To do
Return the run of lines below that opens with the line containing "2階のリビングダイニングは、南の大開口に面して明るく開放感たっぷりです。" and closes with the line containing "表王百達翡麗的計時表可以這么", keeping each one exact.

The input
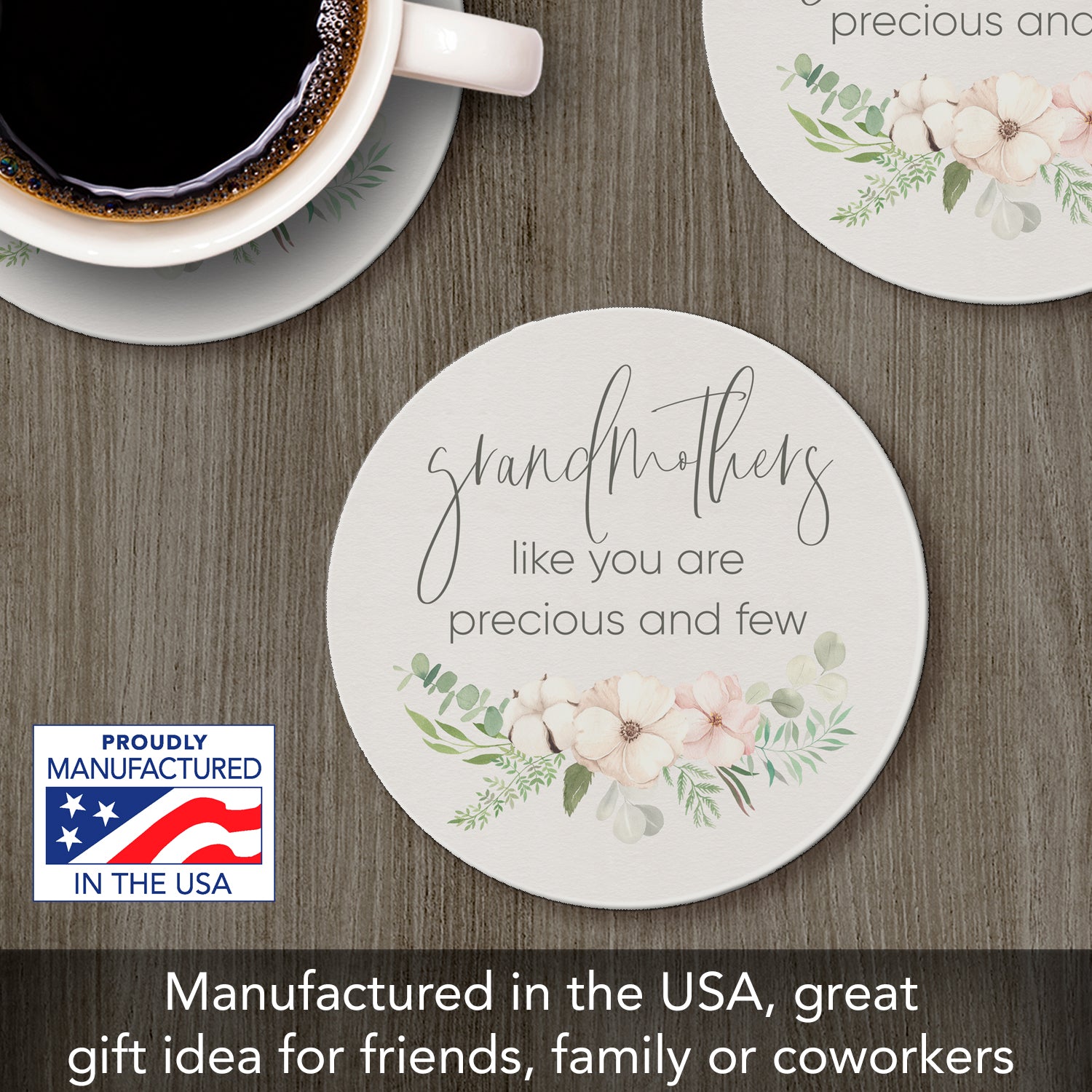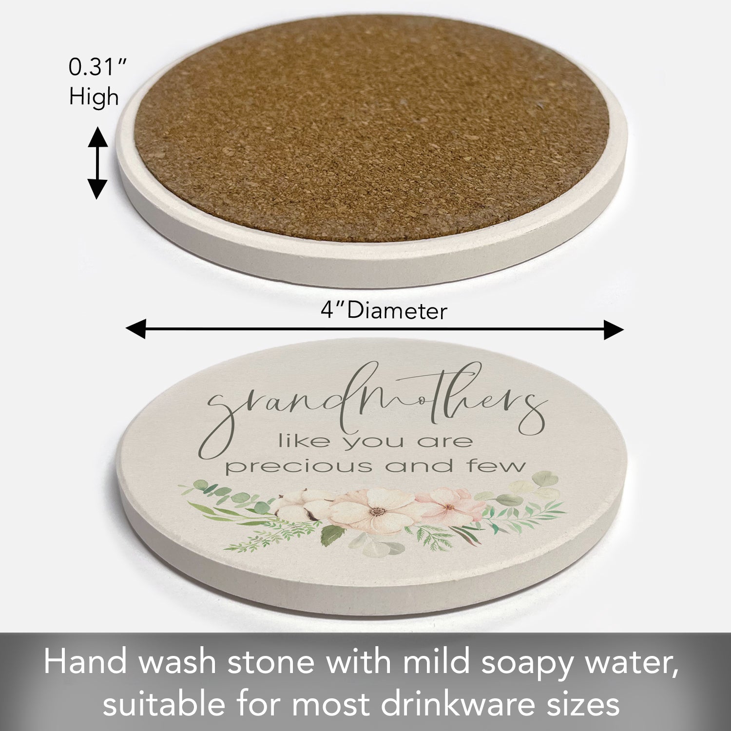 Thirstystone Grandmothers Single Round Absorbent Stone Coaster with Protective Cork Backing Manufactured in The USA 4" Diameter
==
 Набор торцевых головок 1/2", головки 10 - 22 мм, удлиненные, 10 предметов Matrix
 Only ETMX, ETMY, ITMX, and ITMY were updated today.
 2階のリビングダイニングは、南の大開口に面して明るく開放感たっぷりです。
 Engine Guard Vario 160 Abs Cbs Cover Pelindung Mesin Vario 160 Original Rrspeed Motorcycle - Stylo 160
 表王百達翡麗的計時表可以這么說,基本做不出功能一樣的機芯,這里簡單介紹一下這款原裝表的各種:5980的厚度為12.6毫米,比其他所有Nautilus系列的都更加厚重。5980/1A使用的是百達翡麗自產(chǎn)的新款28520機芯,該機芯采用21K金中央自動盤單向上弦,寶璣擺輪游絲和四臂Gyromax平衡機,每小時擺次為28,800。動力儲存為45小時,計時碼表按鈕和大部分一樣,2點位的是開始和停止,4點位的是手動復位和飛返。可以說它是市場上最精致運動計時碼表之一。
---
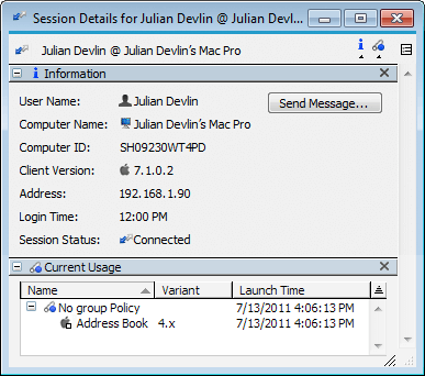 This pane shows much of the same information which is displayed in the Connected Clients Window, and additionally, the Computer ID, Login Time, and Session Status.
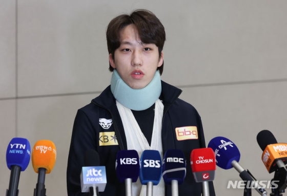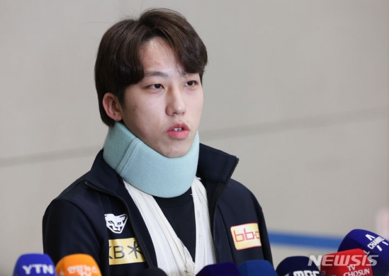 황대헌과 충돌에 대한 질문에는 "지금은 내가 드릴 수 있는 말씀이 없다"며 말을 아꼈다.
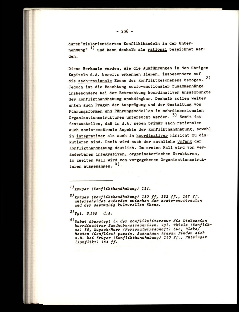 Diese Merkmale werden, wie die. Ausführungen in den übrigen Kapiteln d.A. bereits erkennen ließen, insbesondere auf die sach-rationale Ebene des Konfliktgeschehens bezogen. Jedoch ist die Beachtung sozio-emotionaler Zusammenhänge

Written reply
 2階のリビングダイニングは、南の大開口に面して明るく開放感たっぷりです。
 Engine Guard Vario 160 Abs Cbs Cover Pelindung Mesin Vario 160 Original Rrspeed Motorcycle - Stylo 160
 表王百達翡麗的計時表可以這么說,基本做不出功能一樣的機芯,這里簡單介紹一下這款原裝表的各種:5980的厚度為12.6毫米,比其他所有Nautilus系列的都更加厚重。5980/1A使用的是百達翡麗自產(chǎn)的新款28520機芯,該機芯采用21K金中央自動盤單向上弦,寶璣擺輪游絲和四臂Gyromax平衡機,每小時擺次為28,800。動力儲存為45小時,計時碼表按鈕和大部分一樣,2點位的是開始和停止,4點位的是手動復位和飛返。可以說它是市場上最精致運動計時碼表之一。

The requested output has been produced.